ACTIVITY
What is needed is an exact transcription of the line containing "Kalmia latifolia Elf, aka" and every line after it through the end of the entries below, with no pictures.

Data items

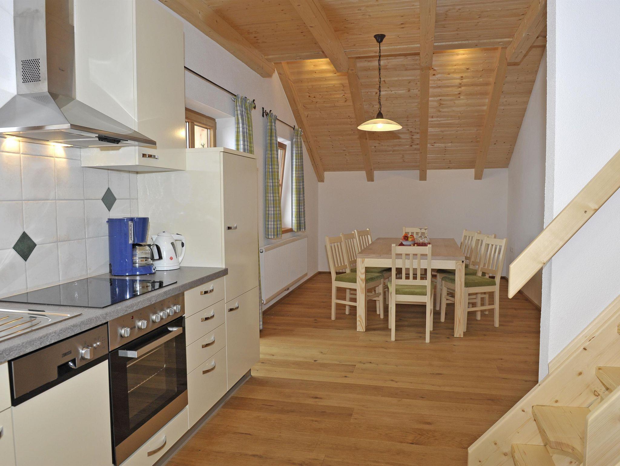 Für eine Familie mit vielen Kindern ist das Appartement Enzian ideal. Es befindet sich ein großes Doppelzimmer mit fixem Zustellbett im Appartement und ein weiteres Schlaflager (4-5 Personen) im ausgebauten Dachboden. Dieses Schlaflager ist über eine Stiege vom Wohnbereich aus erreichbar. Ein sehr geräumiges Bad sowie ein getrenntes WC und eine schöne Wohnküche warten auf Sie.
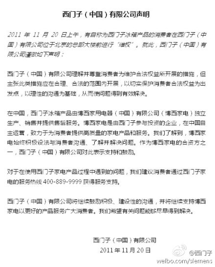 有意思的是,西门子昨日下午也在其官方网站发布了一个声明(下图),一个颇为有趣而耐人寻味的现象是,老罗与西门子的纠葛,持续了一个多月,在坊间舆论中掀起轩然大波。但我们的消费者权利保护机构,竟然无一例外地坐壁上观,没有一家介入或者试图介入展开调查。这让人悲哀地想到,哪怕是粉丝超百万、一腔义勇的老罗,面对铁板一块的商业巨擘,也不过是个小人物。他能改变的,也许只是砸与不砸冰箱的问题。
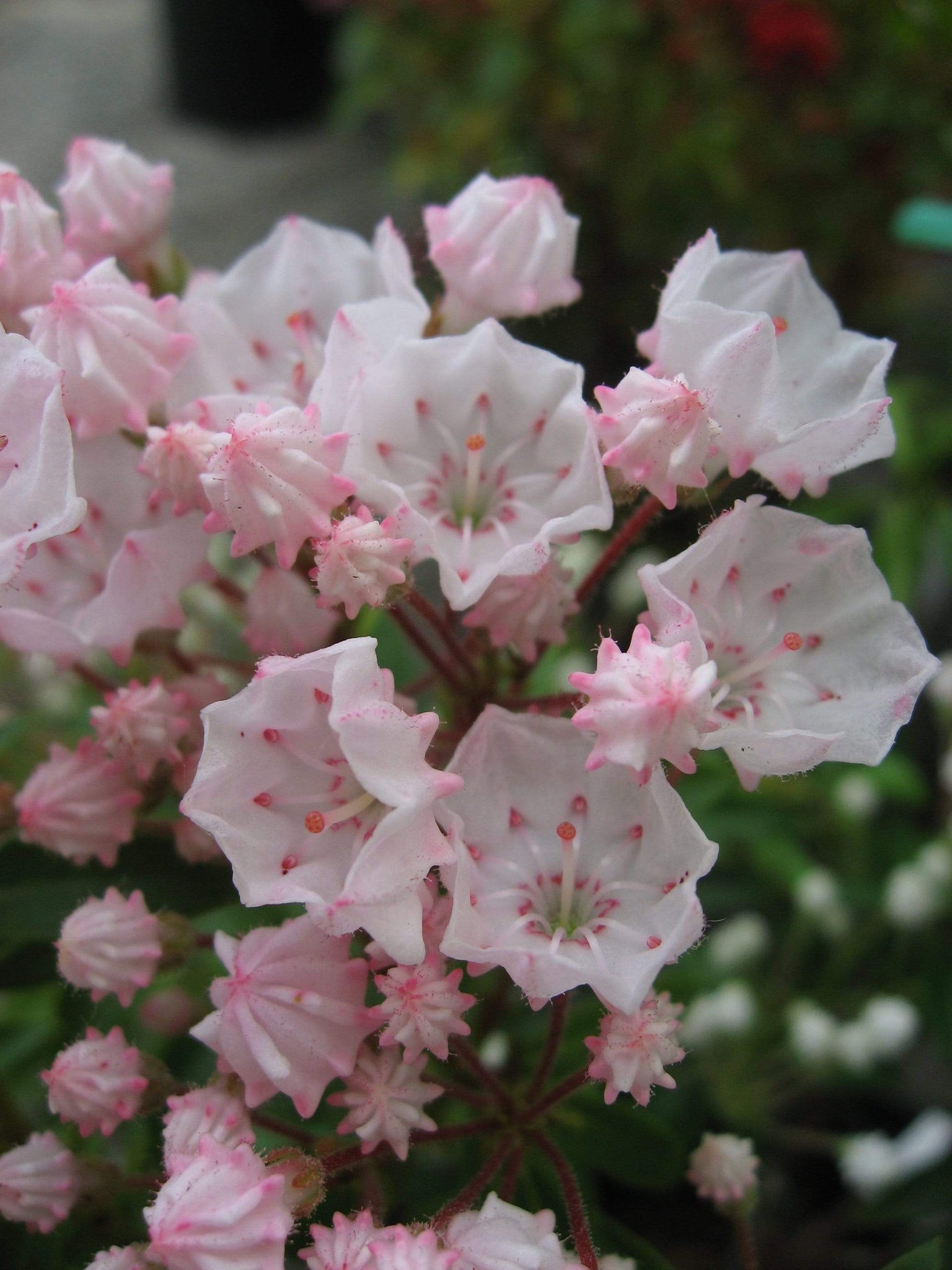 Kalmia latifolia Elf, aka Dwarf Mountain Laurel, flowers in May and are light pink with white overtones and pink center. The leaves of Elf Mountain Laurel Shrubs are long, narrow, deep evergreen.
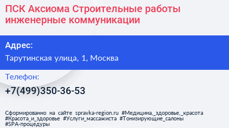 ПСК Аксиома Строительные работы, инженерные коммуникации по адресу Тарутинская улица, 1, Москва в дальнейшем Организация, размещена в следующих категориях:
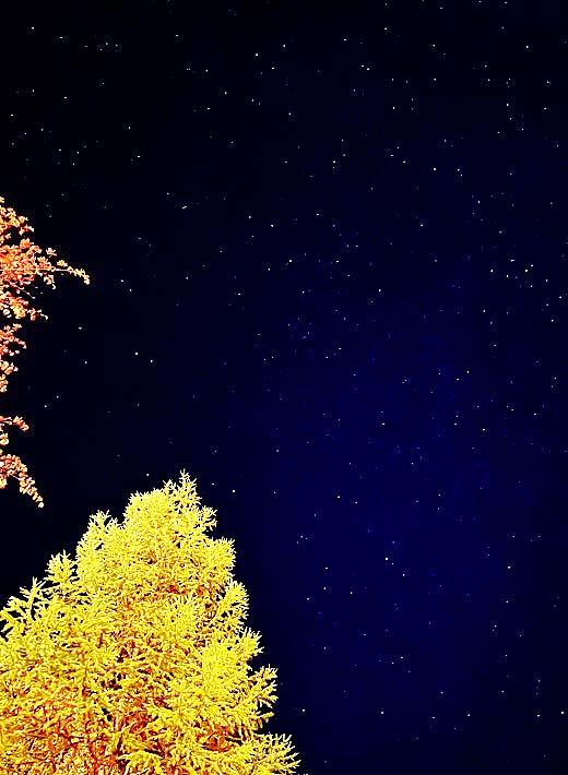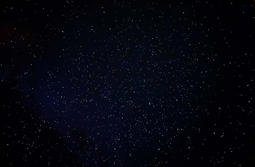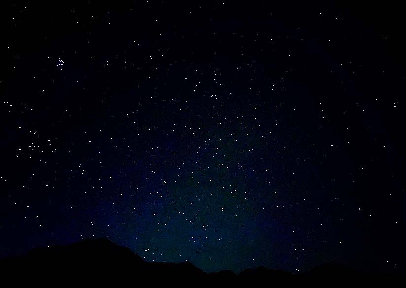 次の写真の左上部分で、数多くの星たちが集まって、固まりのように輝いているのは、有名な「すばる」でしょうか・・・
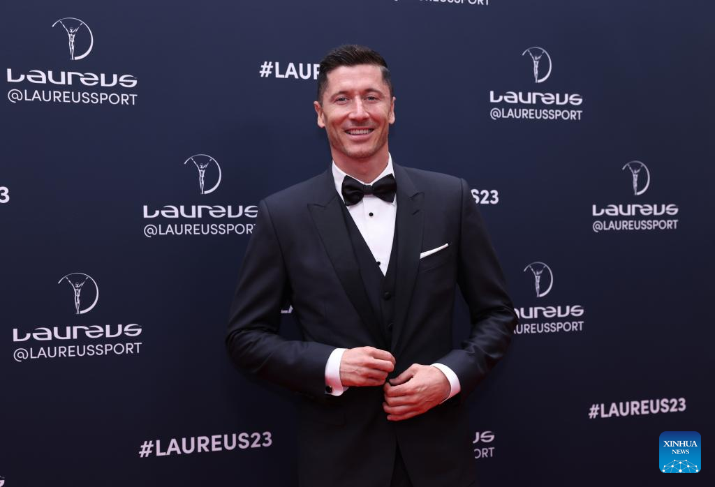 Polish football player Robert Lewandowski arrives at the red carpet prior to the 2023 Laureus World Sports Awards ceremony in Paris France, May 8, 2023. (Xinhua/Gao Jing)
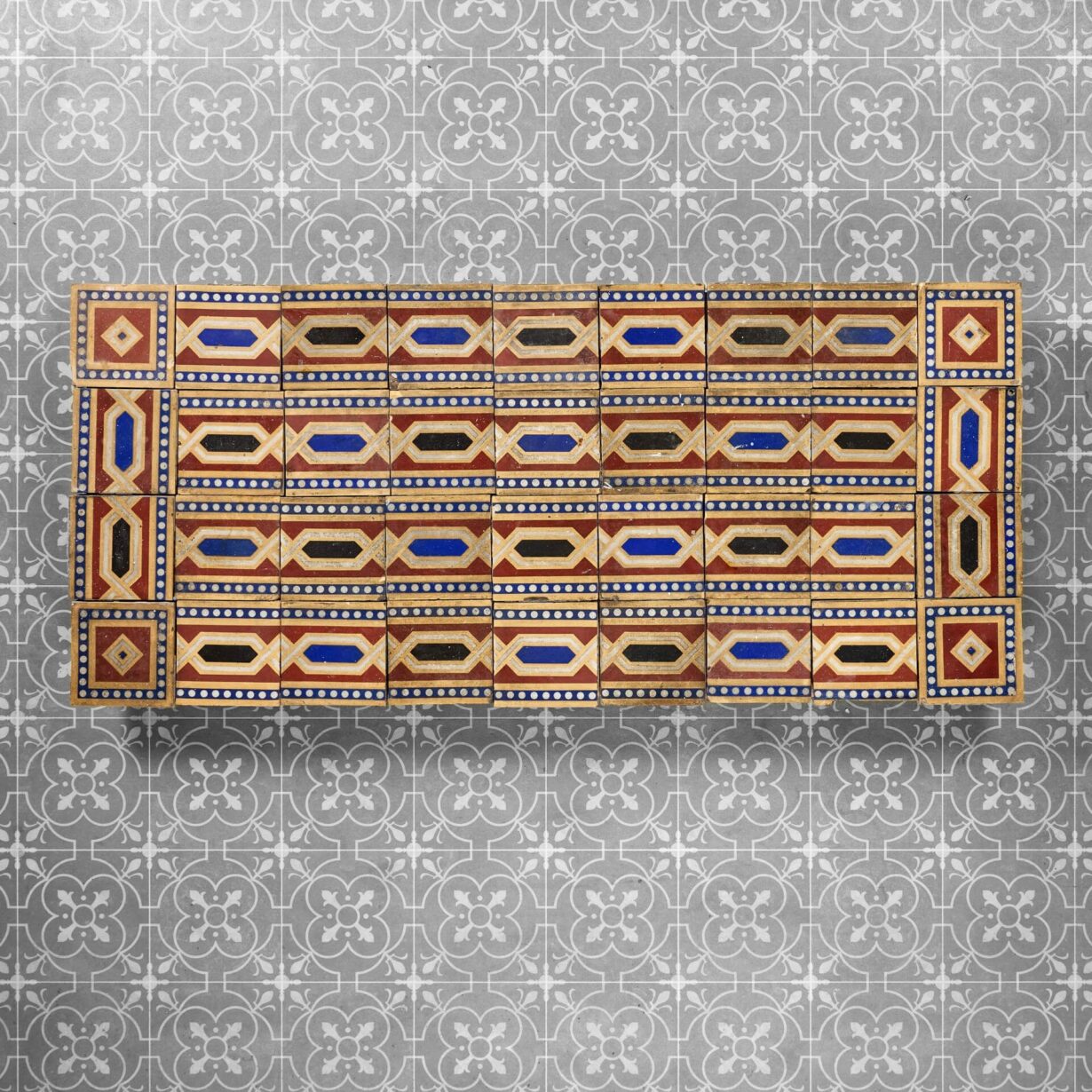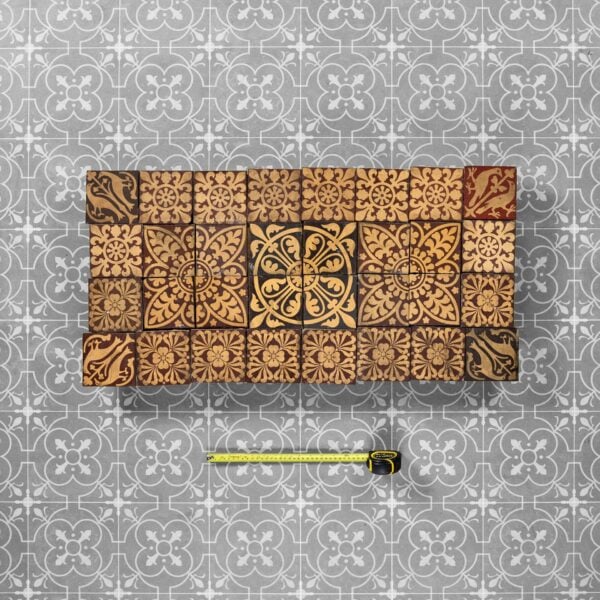 While we have arranged these antique tiles as pictured, they are not fixed and can be re-arranged in a desired pattern or shape to suit your interior project.

YOUR RESPONSE
 Kalmia latifolia Elf, aka Dwarf Mountain Laurel, flowers in May and are light pink with white overtones and pink center. The leaves of Elf Mountain Laurel Shrubs are long, narrow, deep evergreen.
 ПСК Аксиома Строительные работы, инженерные коммуникации по адресу Тарутинская улица, 1, Москва в дальнейшем Организация, размещена в следующих категориях:
 次の写真の左上部分で、数多くの星たちが集まって、固まりのように輝いているのは、有名な「すばる」でしょうか・・・
 Polish football player Robert Lewandowski arrives at the red carpet prior to the 2023 Laureus World Sports Awards ceremony in Paris France, May 8, 2023. (Xinhua/Gao Jing)
 While we have arranged these antique tiles as pictured, they are not fixed and can be re-arranged in a desired pattern or shape to suit your interior project.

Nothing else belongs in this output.